*** Supplied records Section Begins ***
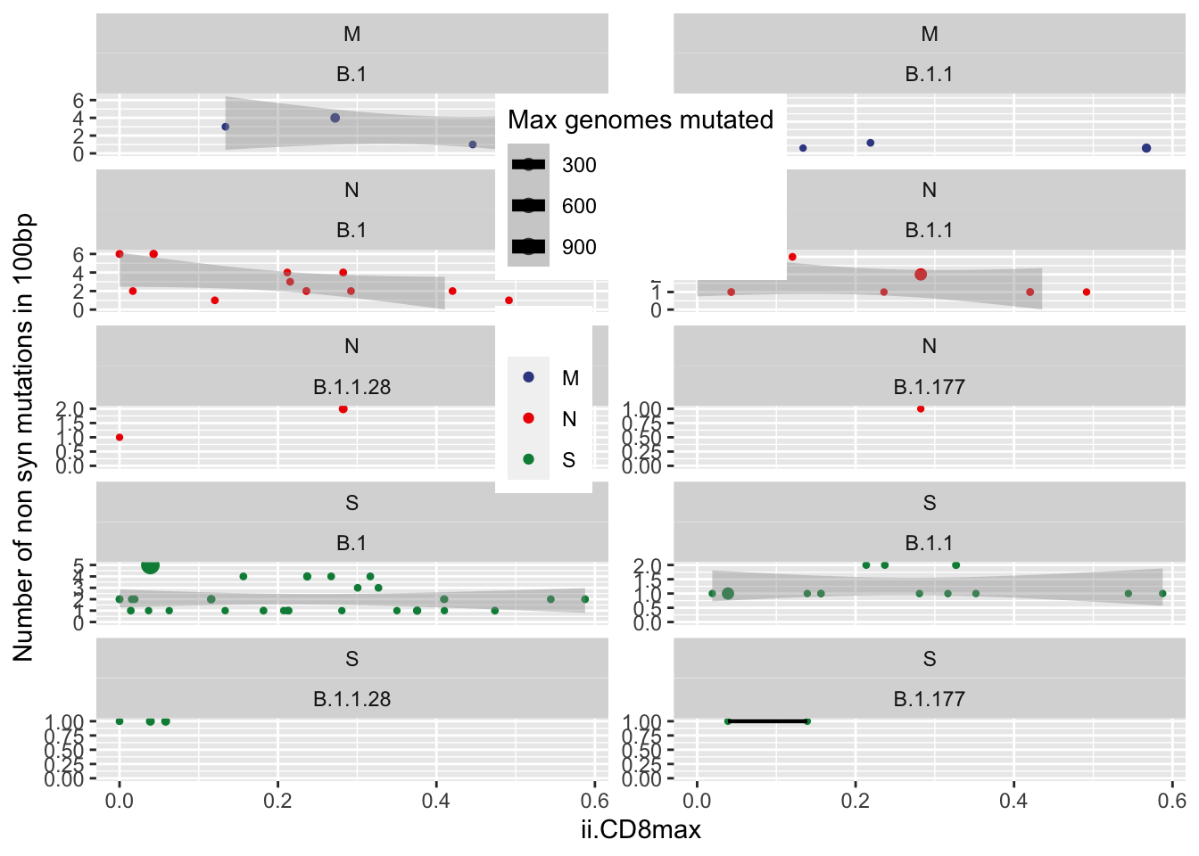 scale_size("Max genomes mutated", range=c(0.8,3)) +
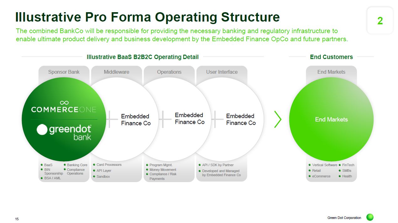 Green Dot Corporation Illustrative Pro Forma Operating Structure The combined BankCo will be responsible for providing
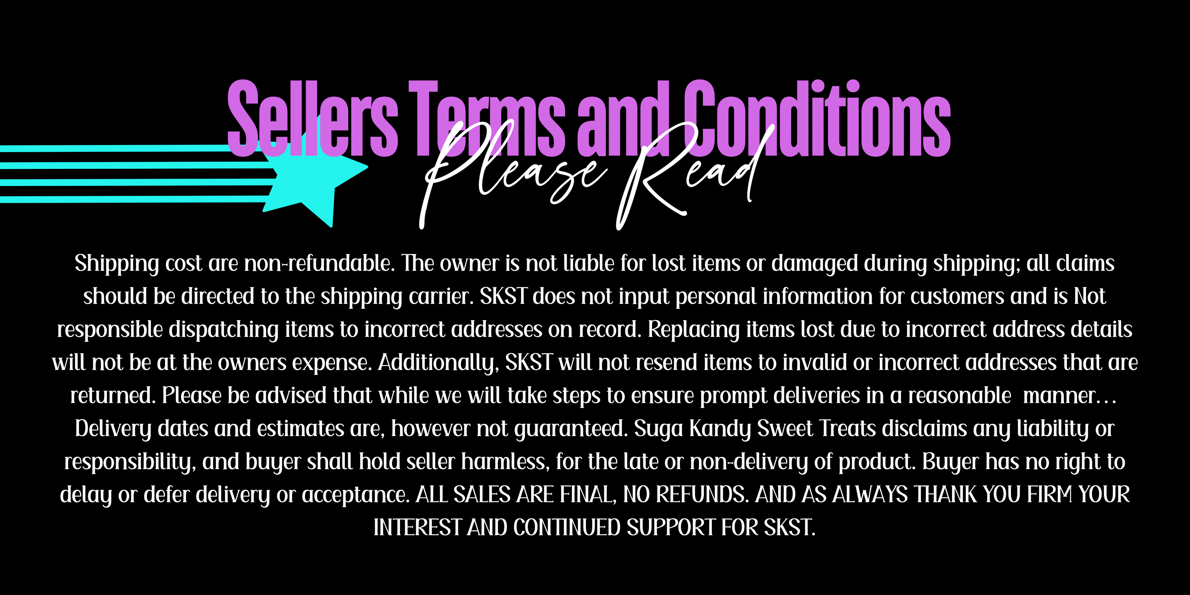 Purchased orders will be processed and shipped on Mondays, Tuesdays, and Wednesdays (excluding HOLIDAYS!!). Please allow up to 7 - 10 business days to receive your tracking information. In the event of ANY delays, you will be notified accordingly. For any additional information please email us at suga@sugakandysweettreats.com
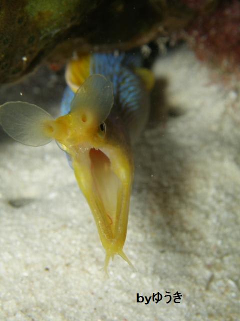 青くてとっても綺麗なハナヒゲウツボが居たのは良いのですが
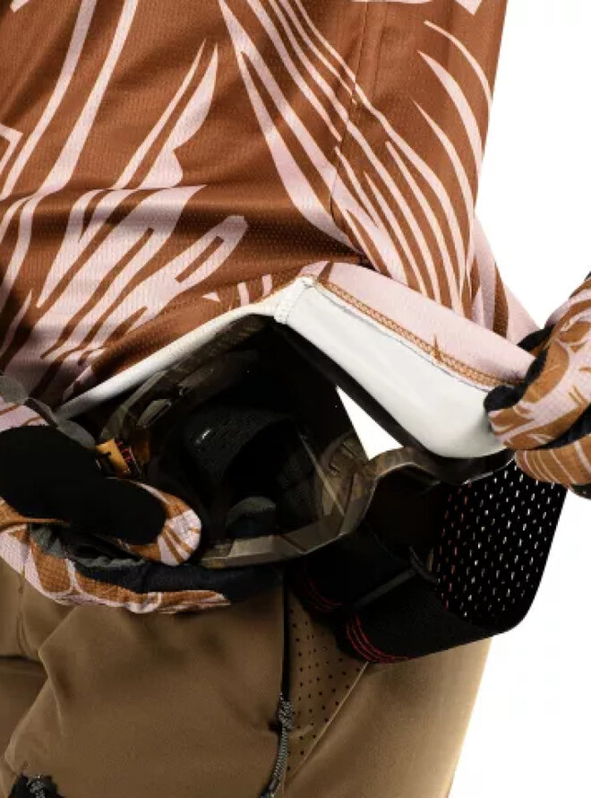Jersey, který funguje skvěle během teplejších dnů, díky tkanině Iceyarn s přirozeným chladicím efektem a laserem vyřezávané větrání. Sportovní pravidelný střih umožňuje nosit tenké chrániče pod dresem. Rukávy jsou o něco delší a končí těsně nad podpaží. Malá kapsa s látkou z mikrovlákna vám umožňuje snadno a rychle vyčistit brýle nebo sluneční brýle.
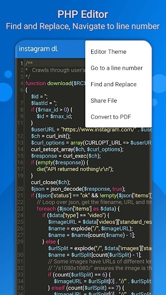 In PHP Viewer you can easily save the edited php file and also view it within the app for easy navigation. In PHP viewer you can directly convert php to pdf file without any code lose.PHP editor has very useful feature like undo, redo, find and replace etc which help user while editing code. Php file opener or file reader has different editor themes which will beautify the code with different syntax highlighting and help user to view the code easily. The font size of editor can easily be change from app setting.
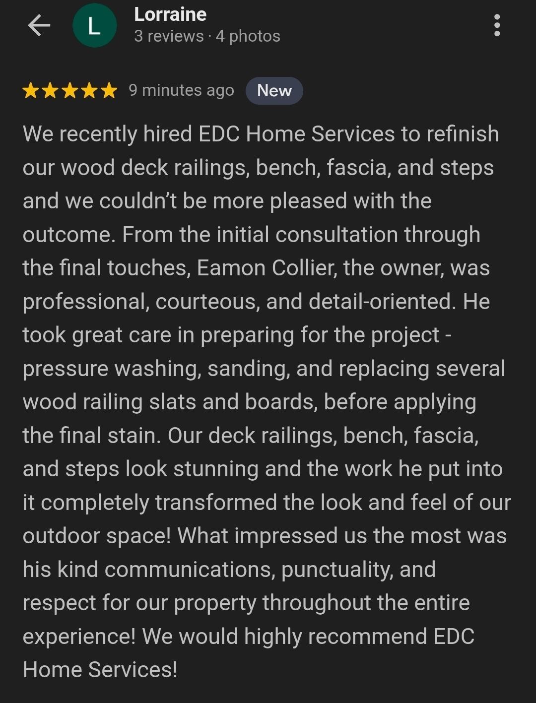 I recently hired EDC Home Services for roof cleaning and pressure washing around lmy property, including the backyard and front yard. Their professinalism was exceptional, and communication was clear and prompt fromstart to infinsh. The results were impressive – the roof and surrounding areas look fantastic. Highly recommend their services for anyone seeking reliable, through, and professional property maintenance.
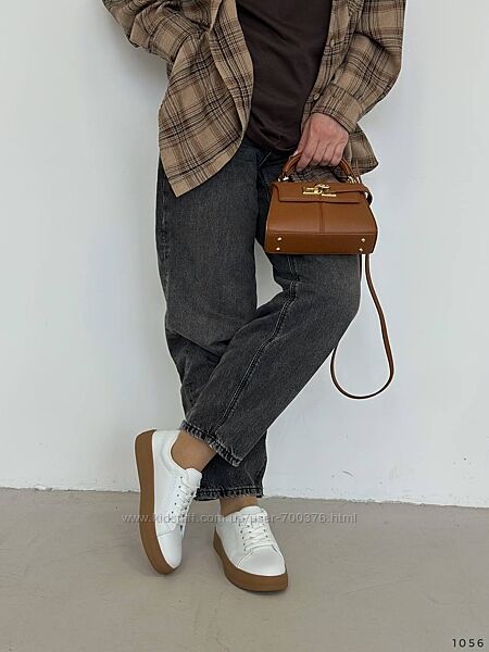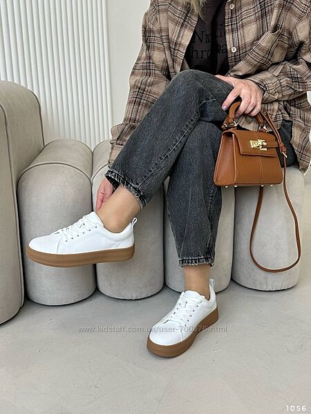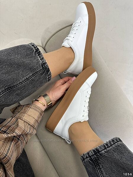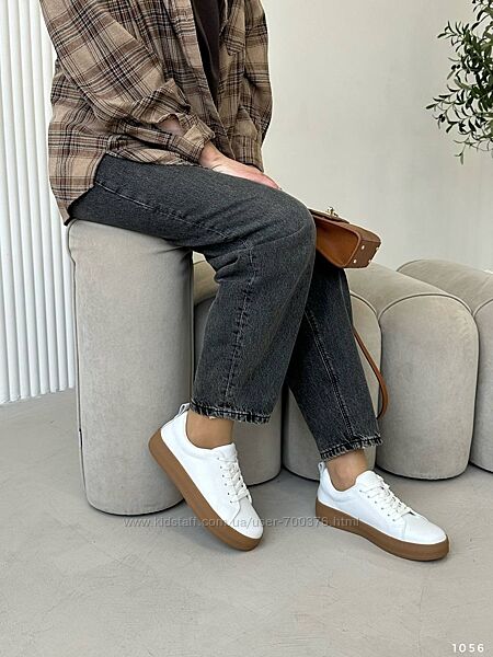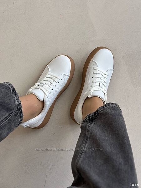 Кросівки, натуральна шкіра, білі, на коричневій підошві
*** Supplied records Section Ends ***
*** Supplied records Section Begins ***
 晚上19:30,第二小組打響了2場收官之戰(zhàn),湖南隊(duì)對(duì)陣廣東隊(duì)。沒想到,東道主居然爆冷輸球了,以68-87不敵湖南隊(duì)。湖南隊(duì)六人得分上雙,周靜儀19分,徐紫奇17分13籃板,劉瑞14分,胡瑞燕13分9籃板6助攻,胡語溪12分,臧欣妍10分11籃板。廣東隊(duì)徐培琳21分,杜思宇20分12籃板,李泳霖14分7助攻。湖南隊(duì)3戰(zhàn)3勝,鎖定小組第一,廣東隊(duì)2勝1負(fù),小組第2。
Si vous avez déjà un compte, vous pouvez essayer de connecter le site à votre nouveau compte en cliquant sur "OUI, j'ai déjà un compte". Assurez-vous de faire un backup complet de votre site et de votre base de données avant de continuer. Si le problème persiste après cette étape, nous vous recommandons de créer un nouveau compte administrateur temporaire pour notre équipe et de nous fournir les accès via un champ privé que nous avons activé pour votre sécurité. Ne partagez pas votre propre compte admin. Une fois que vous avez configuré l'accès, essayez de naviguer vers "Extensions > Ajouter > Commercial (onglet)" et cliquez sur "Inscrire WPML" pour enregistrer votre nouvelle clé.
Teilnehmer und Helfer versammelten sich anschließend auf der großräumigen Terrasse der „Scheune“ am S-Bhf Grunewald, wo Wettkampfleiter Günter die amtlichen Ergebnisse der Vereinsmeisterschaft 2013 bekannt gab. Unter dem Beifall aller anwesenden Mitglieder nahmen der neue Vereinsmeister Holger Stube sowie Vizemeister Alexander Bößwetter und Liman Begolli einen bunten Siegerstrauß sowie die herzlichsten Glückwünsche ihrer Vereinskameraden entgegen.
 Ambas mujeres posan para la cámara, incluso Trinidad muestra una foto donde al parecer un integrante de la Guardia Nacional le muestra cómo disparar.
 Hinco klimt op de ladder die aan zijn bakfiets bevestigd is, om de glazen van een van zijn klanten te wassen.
*** Supplied records Section Ends ***
*** Supplied records Section Begins ***
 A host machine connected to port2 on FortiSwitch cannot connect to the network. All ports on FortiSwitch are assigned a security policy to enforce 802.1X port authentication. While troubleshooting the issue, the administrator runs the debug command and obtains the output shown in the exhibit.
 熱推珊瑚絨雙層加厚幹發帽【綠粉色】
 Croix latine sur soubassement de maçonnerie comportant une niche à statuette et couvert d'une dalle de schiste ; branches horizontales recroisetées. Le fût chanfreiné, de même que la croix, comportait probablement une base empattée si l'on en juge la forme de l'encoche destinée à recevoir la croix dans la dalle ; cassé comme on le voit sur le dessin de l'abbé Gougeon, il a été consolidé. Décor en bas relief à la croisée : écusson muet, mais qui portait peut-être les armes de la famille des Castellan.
*** Supplied records Section Ends ***
Give exactly the lines above that run from the line with "Jersey, který funguje" to the line with "In PHP Viewer you can easily", both included, leaving every picture out.

**Output for this task**
Jersey, který funguje skvěle během teplejších dnů, díky tkanině Iceyarn s přirozeným chladicím efektem a laserem vyřezávané větrání. Sportovní pravidelný střih umožňuje nosit tenké chrániče pod dresem. Rukávy jsou o něco delší a končí těsně nad podpaží. Malá kapsa s látkou z mikrovlákna vám umožňuje snadno a rychle vyčistit brýle nebo sluneční brýle.
 In PHP Viewer you can easily save the edited php file and also view it within the app for easy navigation. In PHP viewer you can directly convert php to pdf file without any code lose.PHP editor has very useful feature like undo, redo, find and replace etc which help user while editing code. Php file opener or file reader has different editor themes which will beautify the code with different syntax highlighting and help user to view the code easily. The font size of editor can easily be change from app setting.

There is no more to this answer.